> _Work to be completed_
Transcribe the listing word for word, beginning at its first line and ending at the line containing "FX168财经报社(香港)讯"; omit the pictures.

== == ==

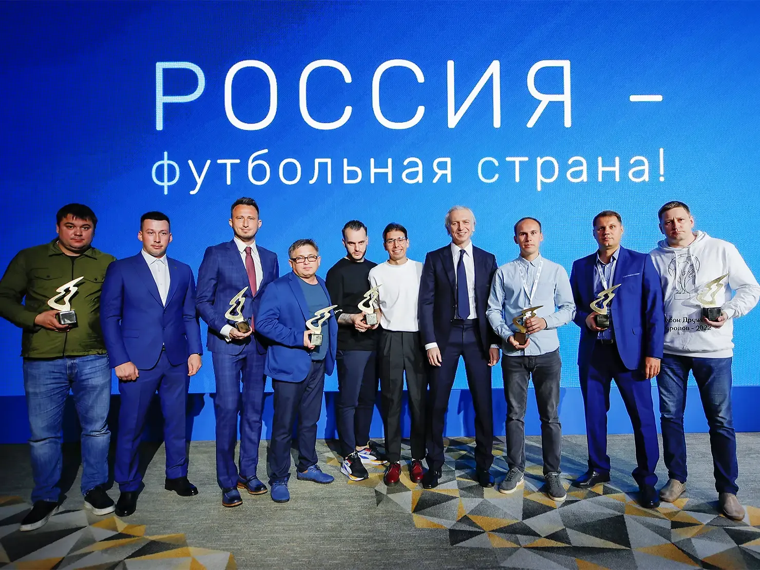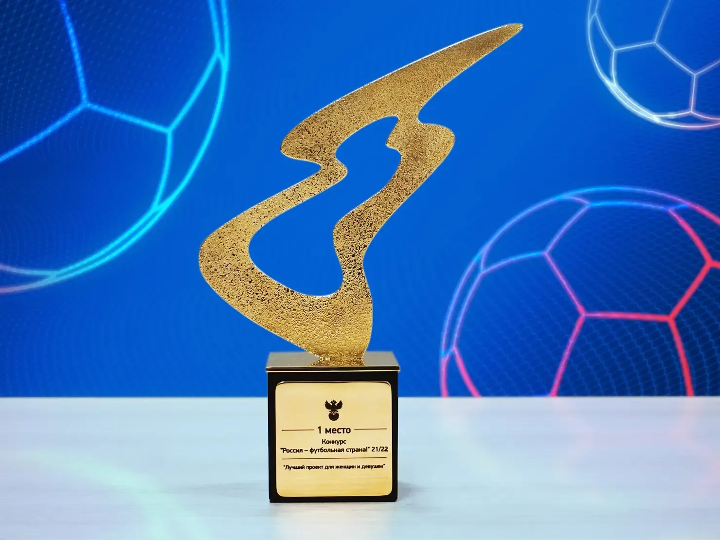 В финале конференции президент РФС Александр Дюков наградил победителей и призеров всероссийского смотра-конкурса «Россия — футбольная страна!». Мы разработали кубок, который представляет собой пламенное крыло, символизирующее страсть и волю к победе.
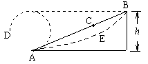 D.若把斜面AB变成光滑曲面AEB,物体沿此曲面上升仍能达到h高度
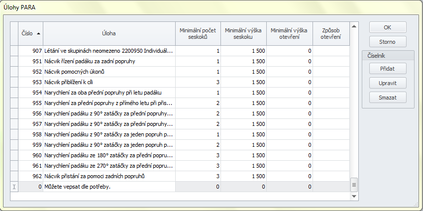 - minimální výška seskoku - vepište nebo zadejte pomocí šipek minimální výšku, ze které je možné provádět editovaný seskok. Při zadávání výšky seskoku program kontroluje, aby nebyla nižší, než tato minimální výška. Pokud se tak stane, zobrazí upozornění.
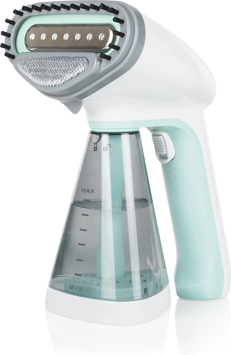 Het uitneembare waterreservoir heeft een inhoud van 260 ml. Dit is genoeg om minstens 5 minuten onafgebroken te stomen. Daarnaast ontvang je ook de innovatieve adapter waarmee je eenvoudig elk waterflesje aansluit. Perfect als je de Princess Kledingstomer meeneemt op vakantie of zakenreis. Pak enkel de houder zonder waterreservoir en de adapter in en bespaar ruimte in je koffer.
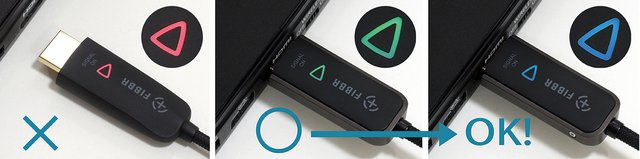 ARC(Audio Return Channel)には非対応ながら、光ケーブル特有の「方向」を知らせる機能が秀逸だ。プレーヤー接続時に方向の成否を赤や緑、青のLED表示で知らせてくれるため、正しく差し込めているかどうか、明確に把握できる。またディスプレイ側には白色LEDを搭載し、懐中電灯がわりに暗所での作業を補助してくれるのも面白い。
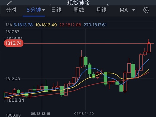 FX168财经报社(香港)讯 周三(5月18日)欧市早盘,美元指数维持升势,现报103.60附近;现货黄金短线突然快速上涨,金价刚刚突破1815美元/盎司,日内转为上涨。知名财经资讯网站Economies.com周三最新撰文,对日内欧元/美元、英镑/美元、美元/日元、澳元/美元和黄金走势进行前瞻分析。
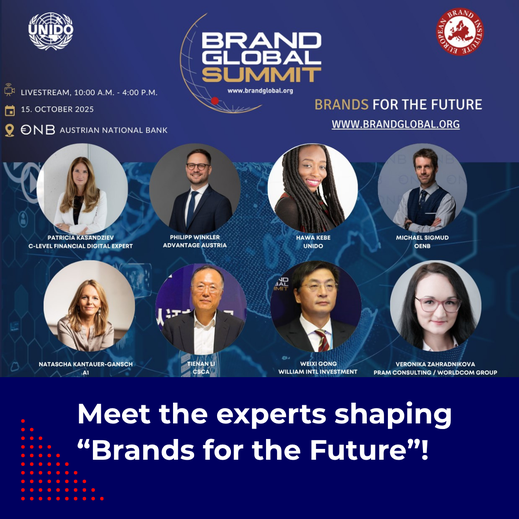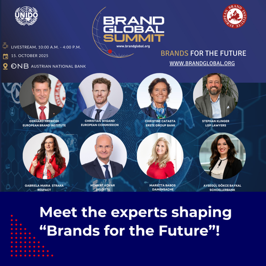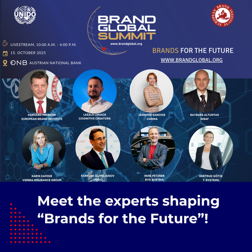 The European Brand Institute, in cooperation with UNIDO, the Oesterreichische Nationalbank (OeNB), and esteemed partners from the business sector, cordially invites you to the 21st Brand Global Summit on October 15, 2025, hosted at the Oesterreichische Nationalbank and Vienna City Hall.
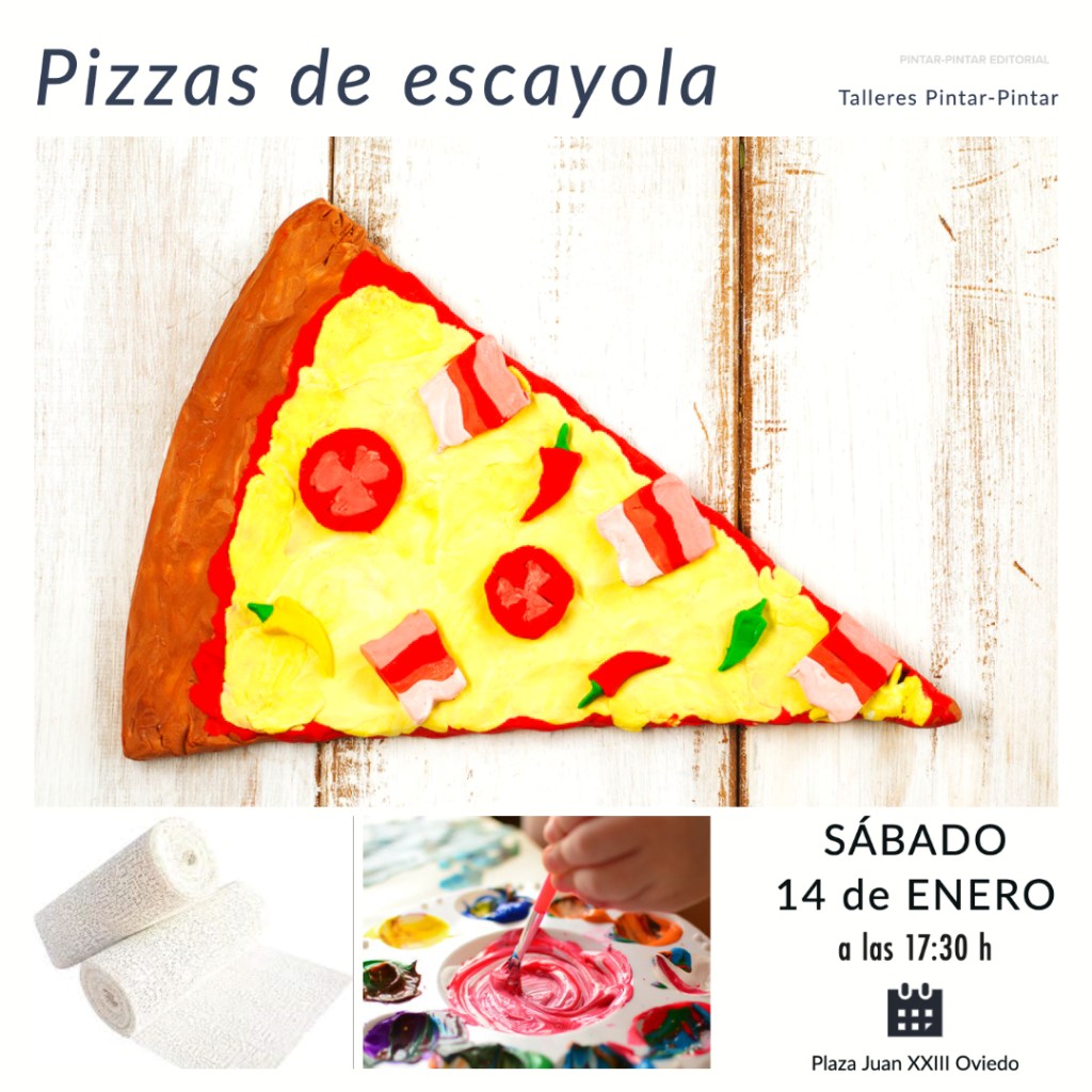 Podrás inventarte una pizza con los ingredientes que tú quieras ¡y luego hay ponerle un nombre! Pizzas terroríficas, pizzas de letras con chocolate, pizzas de sabores divertidos…. imagínate la tuya y… ¡»hornéala»! Emplearemos cartones, papeles, materiales diversos, vendas de escayola, pinturas etc etc
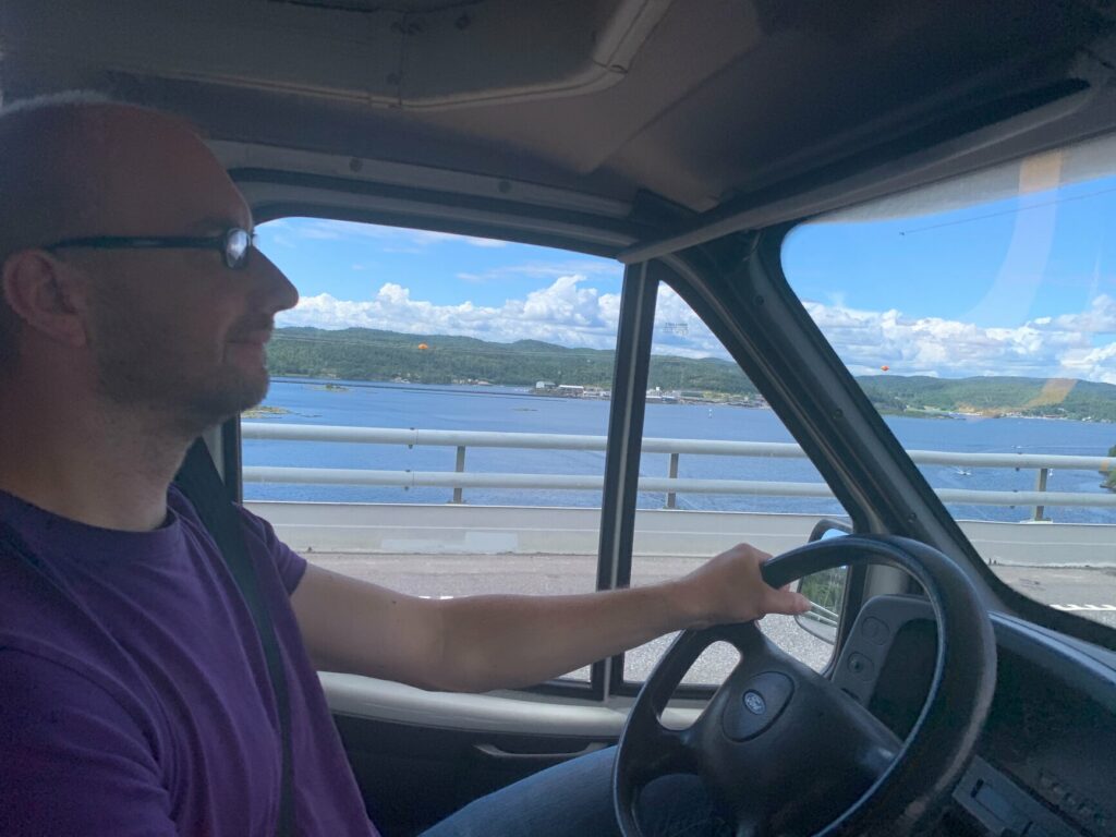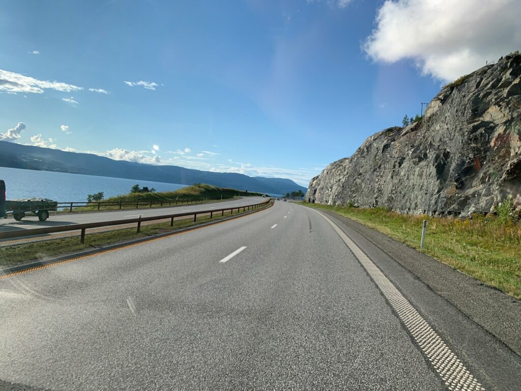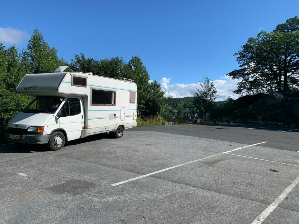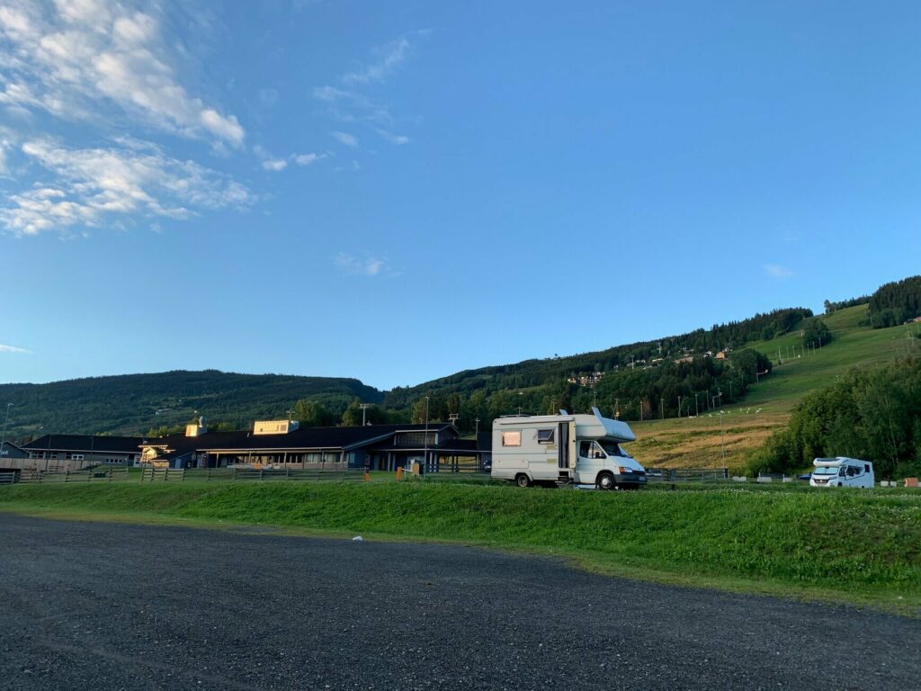 MIT DEM FORD ÜBERN FJORD Viele Tunnel, Brücken und Fjorde begleiten uns, wir fahren durch Oslo und machen eine längere Pause vorm Burger King Wifi-Hotspot. Später kommen wir bei Lillehammer an und wollten an einem See nächtigen. Aber nachdem wir direkt von den Mücken attackiert werden, fahren wir noch ein Stück weiter nördlich und übernachten da, wo andere im Winter Ski fahren 😉 und keine Mücken sind.
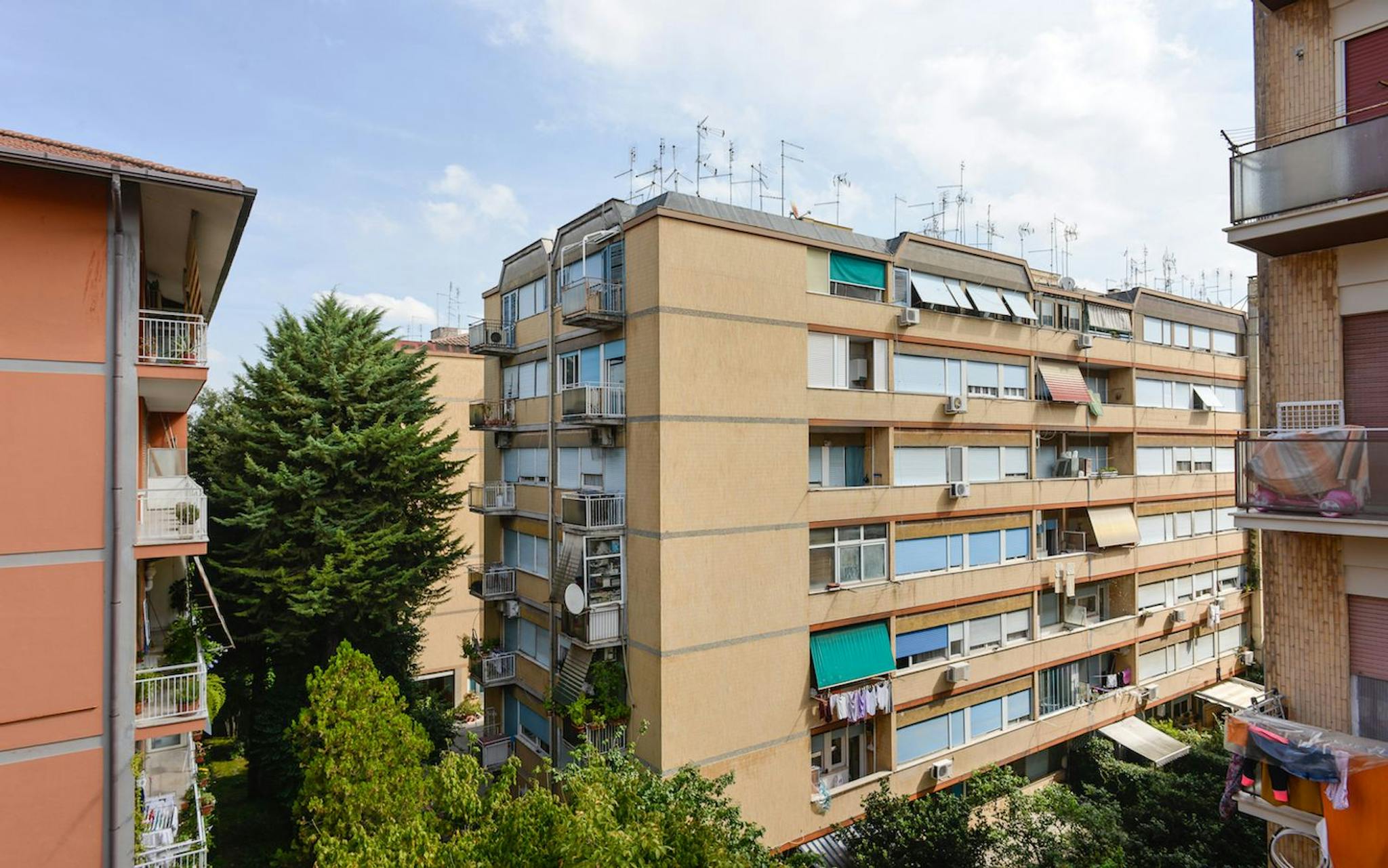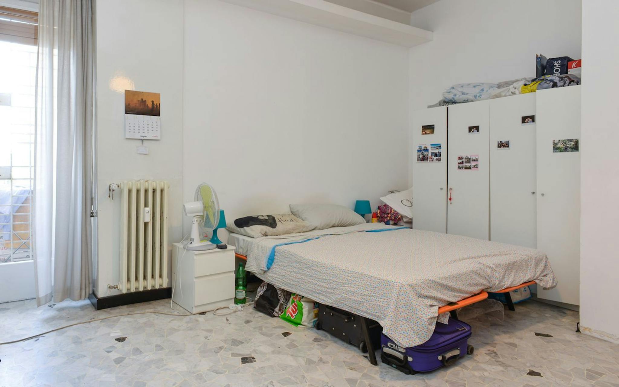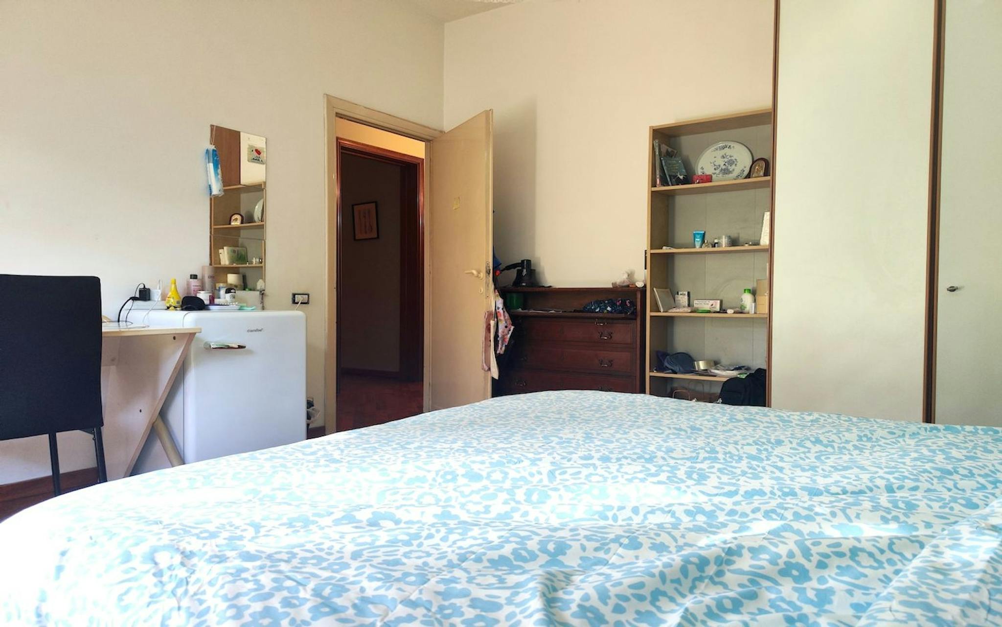Large room with double bed size and private balcony for rent in a 5 (hidden)/young workers apartment with 2 bathrooms in Piazza Bologna, near La Sapienza University. The apartment is on the 2nd floor with lift, it is 4 minutes walking far from Pia...
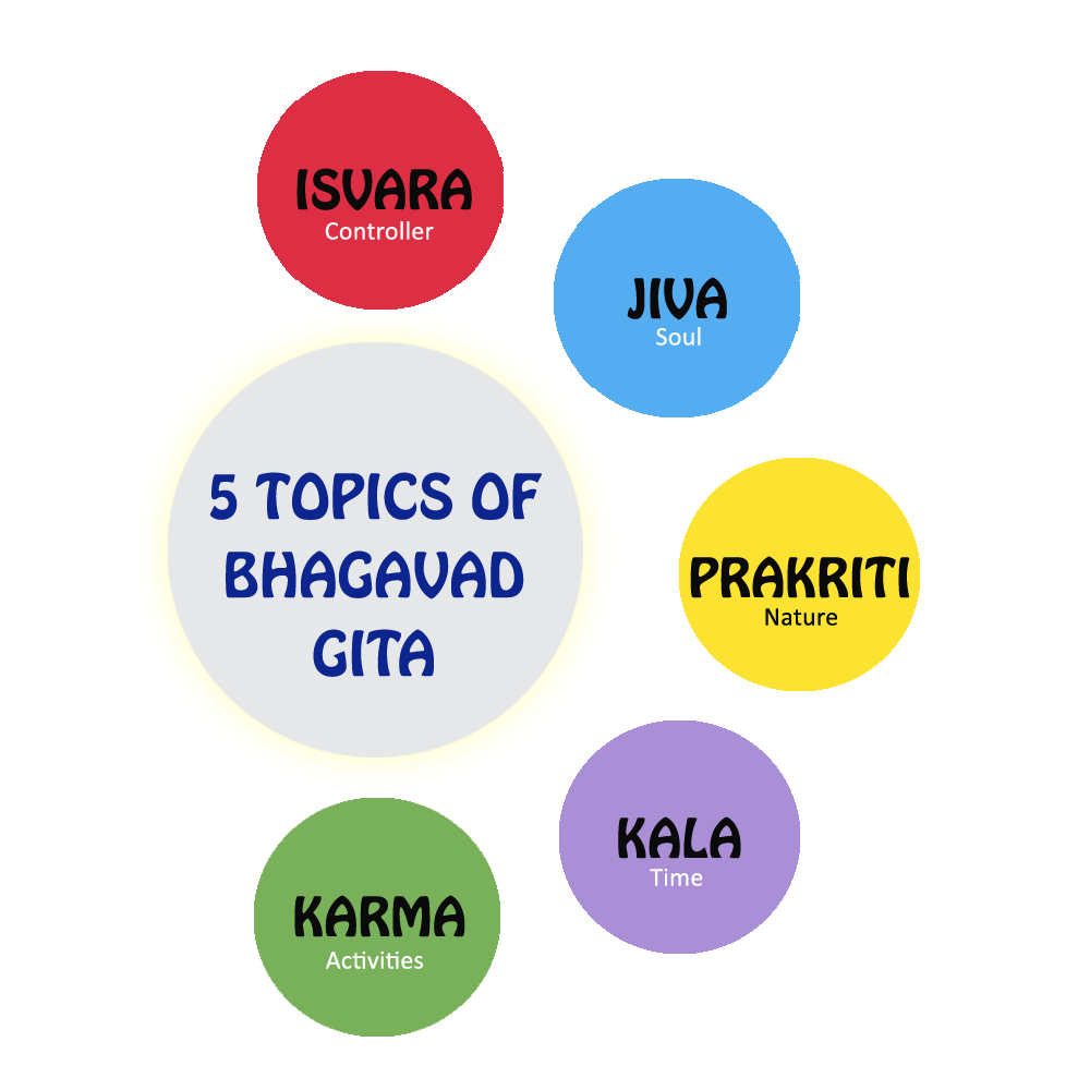This JOSD course, in six chapters, covers the five main topics of the Bhagavad Gita
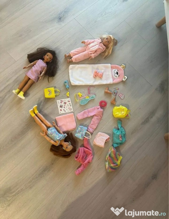 Vând un cărucior pentru păpuși cu o păpușă bebelușă, un marsupiu tip Maxi-Cosi și câteva accesorii. ...
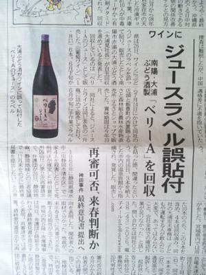 この度新聞、ニュース等で報道されました通り、弊社で製造しておりますストレート100%ジュース「ベリーAのジュース1,800ml 」(*賞味期限2013年10月のロット)のラベルを、同じ容器(一升瓶・茶色)に瓶詰めしております「山葡萄ワイン1,800ml」に、こちらの不注意で誤って貼り出荷したことが分かりました。

== == ==

> _Reply to the task_
 В финале конференции президент РФС Александр Дюков наградил победителей и призеров всероссийского смотра-конкурса «Россия — футбольная страна!». Мы разработали кубок, который представляет собой пламенное крыло, символизирующее страсть и волю к победе.
 D.若把斜面AB变成光滑曲面AEB,物体沿此曲面上升仍能达到h高度
 - minimální výška seskoku - vepište nebo zadejte pomocí šipek minimální výšku, ze které je možné provádět editovaný seskok. Při zadávání výšky seskoku program kontroluje, aby nebyla nižší, než tato minimální výška. Pokud se tak stane, zobrazí upozornění.
 Het uitneembare waterreservoir heeft een inhoud van 260 ml. Dit is genoeg om minstens 5 minuten onafgebroken te stomen. Daarnaast ontvang je ook de innovatieve adapter waarmee je eenvoudig elk waterflesje aansluit. Perfect als je de Princess Kledingstomer meeneemt op vakantie of zakenreis. Pak enkel de houder zonder waterreservoir en de adapter in en bespaar ruimte in je koffer.
 ARC(Audio Return Channel)には非対応ながら、光ケーブル特有の「方向」を知らせる機能が秀逸だ。プレーヤー接続時に方向の成否を赤や緑、青のLED表示で知らせてくれるため、正しく差し込めているかどうか、明確に把握できる。またディスプレイ側には白色LEDを搭載し、懐中電灯がわりに暗所での作業を補助してくれるのも面白い。
 FX168财经报社(香港)讯 周三(5月18日)欧市早盘,美元指数维持升势,现报103.60附近;现货黄金短线突然快速上涨,金价刚刚突破1815美元/盎司,日内转为上涨。知名财经资讯网站Economies.com周三最新撰文,对日内欧元/美元、英镑/美元、美元/日元、澳元/美元和黄金走势进行前瞻分析。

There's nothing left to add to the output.